▸ **What to work on**
All lines from the one that contains "Amaze your guests" to the end of the data must be retyped exactly. Pictures are not retyped.

+++ Records for this task +++

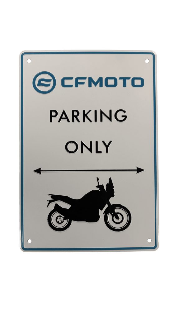 Závěsná plechová cedule s piktogramem motocyklu a textem "CFMOTO PARKING ONLY" z kolekce originálních doplňků CFMOTO.
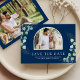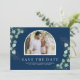 Amaze your guests with this elegant wedding save the date featuring beautiful eucalyptus leaves and modern typography. Simply add your event details on this easy-to-use template and adorn this card with your favorite photos to make it a one-of-a-kind save the date card.
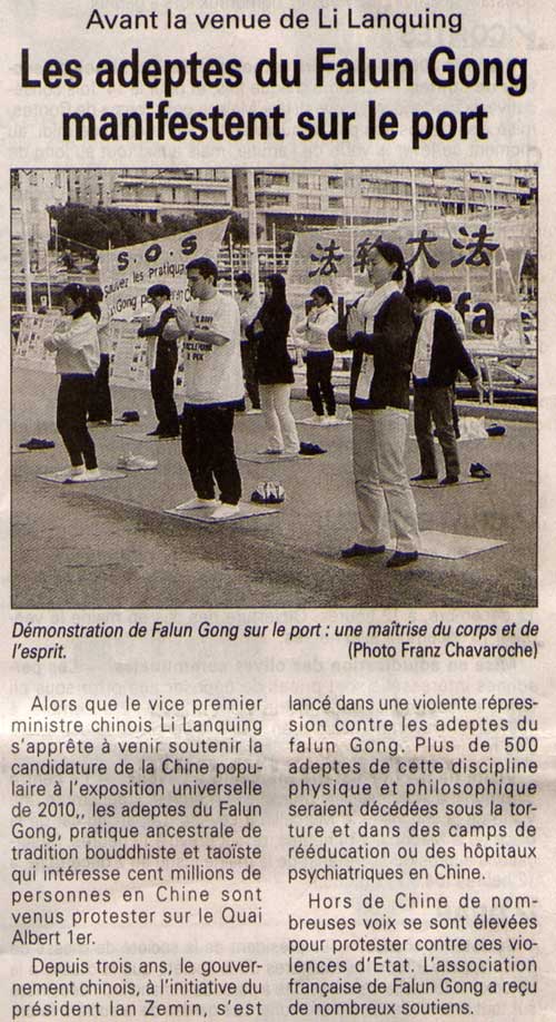 在以后的几天中,学员在洪法讲清真相中所遇到的不少官员和普通民众告诉学员,他们了解法轮功及其在中国所遭受到的迫害,因为他们看过了《摩纳哥晨报》的报导。当地人告诉我们,此报纸是摩纳哥王子所办,被视为反映官方观点的报纸。报导全文如下:
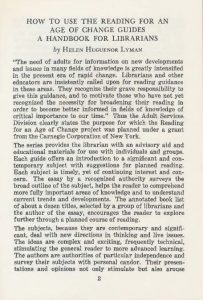 [2] The Reading Guide Promotion Committee included Chair Sarah L. Wallace, Wilmer V. Bell, Elbert W. Burr, Sheila A. Egoff, Hoyt R. Galvin, Alice Norton, Wilson Thiede, and Patricia B. Knapp.
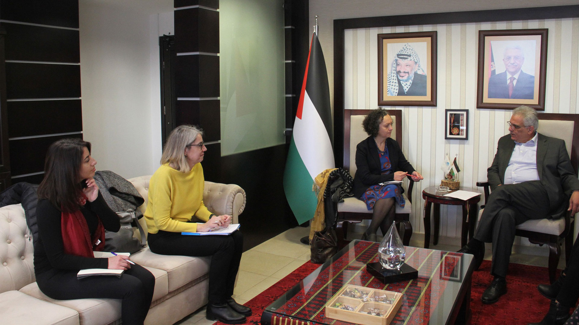 رام الله: استقبل رئيس سلطة المياه المهندس مازن غنيم في مكتبه اليوم ممثلة منظمة اليونيسيف في فلسطين السيدة لوتشيا المي والوفد المرافق لها في لقاء خصص لمتابعة تطورات العمل في البرامج والمشاريع الجاري تنفيذها من قبل سلطة المياه والممولة من منظمة اليونيسيف والتي تعكس احتياجات قطاع المياه في الضفة وغزة، الى جانب تقييم الخطة السنوية الحالية والمشاريع التي سيتم تضمينها في خطة العام القادم.
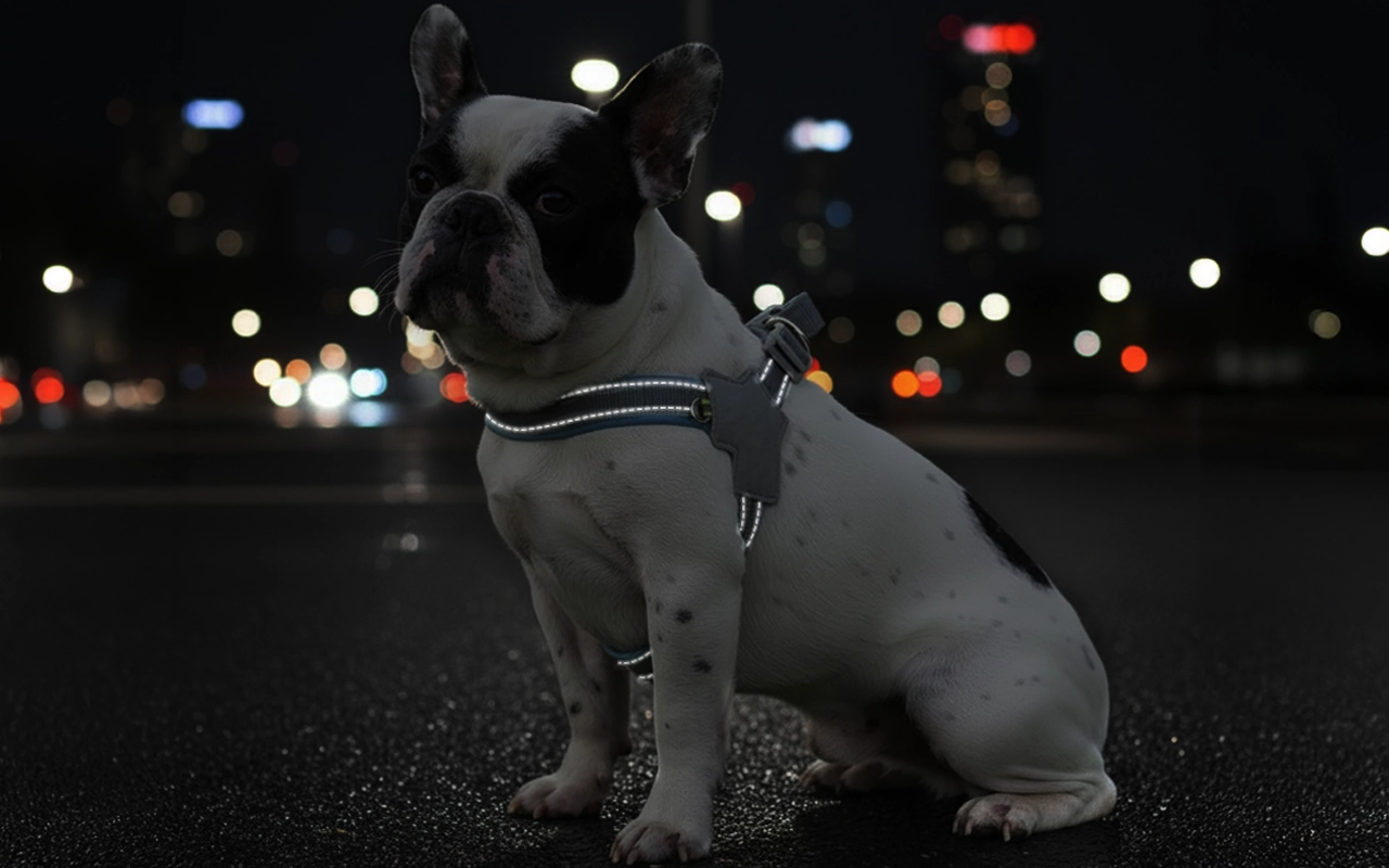Jeg går tur med hunden min på kvelden, og de reflekterende delene lyser virkelig opp. Hun ser søt ut, og jeg føler meg trygg når vi krysser gata sammen.

+++

▸ **Expected output**
 Amaze your guests with this elegant wedding save the date featuring beautiful eucalyptus leaves and modern typography. Simply add your event details on this easy-to-use template and adorn this card with your favorite photos to make it a one-of-a-kind save the date card.
 在以后的几天中,学员在洪法讲清真相中所遇到的不少官员和普通民众告诉学员,他们了解法轮功及其在中国所遭受到的迫害,因为他们看过了《摩纳哥晨报》的报导。当地人告诉我们,此报纸是摩纳哥王子所办,被视为反映官方观点的报纸。报导全文如下:
 [2] The Reading Guide Promotion Committee included Chair Sarah L. Wallace, Wilmer V. Bell, Elbert W. Burr, Sheila A. Egoff, Hoyt R. Galvin, Alice Norton, Wilson Thiede, and Patricia B. Knapp.
 رام الله: استقبل رئيس سلطة المياه المهندس مازن غنيم في مكتبه اليوم ممثلة منظمة اليونيسيف في فلسطين السيدة لوتشيا المي والوفد المرافق لها في لقاء خصص لمتابعة تطورات العمل في البرامج والمشاريع الجاري تنفيذها من قبل سلطة المياه والممولة من منظمة اليونيسيف والتي تعكس احتياجات قطاع المياه في الضفة وغزة، الى جانب تقييم الخطة السنوية الحالية والمشاريع التي سيتم تضمينها في خطة العام القادم.
Jeg går tur med hunden min på kvelden, og de reflekterende delene lyser virkelig opp. Hun ser søt ut, og jeg føler meg trygg når vi krysser gata sammen.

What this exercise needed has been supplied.